Racket mostly uses mark-and-sweep for the old generation. It sometimes
compacts, but not usually. (I tried disabling compaction in the GC, and
it doesn't seem to affect the benchmark.)
Although Racket's incremental GC mode can help some, as you noted, it
doesn't help out-of-the-box for the benchmark.

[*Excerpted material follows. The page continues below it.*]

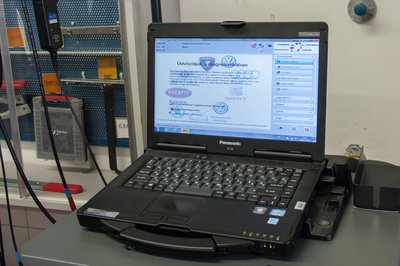 A Panasonic Toughbook az egyszerűbb változata a hardvernek, amelyen a dignosztika fut. Műhelykörülményekhez igazított a robosztussága

> 2) Can you make it better?
Only a little, in the short term.
> Long version:
Beware that Racket strings are Unicode strings stored as UCS-4. So, I
think the benchmark makes Racket allocate 4 times as much as the OCaml
and Haskell variants.
From a GC perspective, that maybe shouldn't matter too much, because
the data is mostly atomic and not traversed. Still, it reduces
locality. Making matter worse, the GC in Racket v6.5 is more eager than
intended to return pages to the OS (and the size of those pages is
proportional to the size of the message); making the GC less eager to
return pages cuts the peak GC time from 225ms to 160ms on my OS X
machine. The effect is likely OS-specific.
Changing the benchmark to use a byte string reduces the peak GC time to
140ms. The 20ms saved reflects some general locality effects, but maybe
also some remaining weakness in the GC's handling of newly unused
pages.
A side issue is that inserting consecutive numbers into an immutable
hash table is a bad case for Racket's implementation in v6.5. (I've
been meaning to look at this for a while.) It ends up creating
intermediate nodes that are larger than average, which again reduces
locality. After adjusting the implementation to avoid trouble with
sequential hash codes, the peak GC time ends up around 100ms on my
machine.
Meanwhile, incremental GC doesn't help because it doesn't adapt well to
ramping up from stand-still. The current, first cut at incremental mode
is mostly useful in a steady state (typical for a video game). If I
increase the message count by a factor of 10, incremental GC mode
starts helping a little:
% env PLT_INCREMENTAL_GC=y racket -W "debug@GC" main.rkt | & grep MAJ
GC: 0:MAJ @ 51,218K(+37,101K)...; free 3,087K(-3,087K) 17ms @ 331
GC: 0:MAJ @ 107,847K(+29,624K)...; free 9,304K(-19,560K) 42ms @ 483
GC: 0:MAJ @ 209,809K(+38,814K)...; free 6,715K(-22,635K) 56ms @ 781
GC: 0:MAJ @ 416,454K(+44,697K)...; free 9,512K(-6,920K) 86ms @ 1477
GC: 0:MAJ @ 824,407K(+76,520K)...; free 182,074K(-182,074K) 113ms @ 2888
GC: 0:MAJ @ 1,294,379K(+98,068K)...; free 417,187K(-417,187K) 114ms @ 5066
GC: 0:MAJ @ 1,763,263K(+120,704K)...; free 647,816K(-647,816K) 64ms @ 8067
GC: 0:MAJ @ 2,028,264K(+117,847K)...; free 885,256K(-901,640K) 43ms @ 10918
GC: 0:MAJ @ 2,035,484K(+127,011K)...; free 912,992K(-912,992K) 47ms @ 13779
GC: 0:MAJ @ 2,026,836K(+135,659K)...; free 890,614K(-890,614K) 41ms @ 16503
....
A program can request incremental mode and encourage more incremental
work through the `collect-garbage` function. Adding
(when (zero? (modulo i 100))
(collect-garbage 'incremental)
(collect-garbage 'minor))
to the `for/fold` loop brings peak GC time down to around 30ms (also
using the GC and HAMT improvements), but the program takes twice as
long to run. Using 50 instead of 100 in the `modulo` brings the peak
time to 20ms, but then the program takes three times as long to run.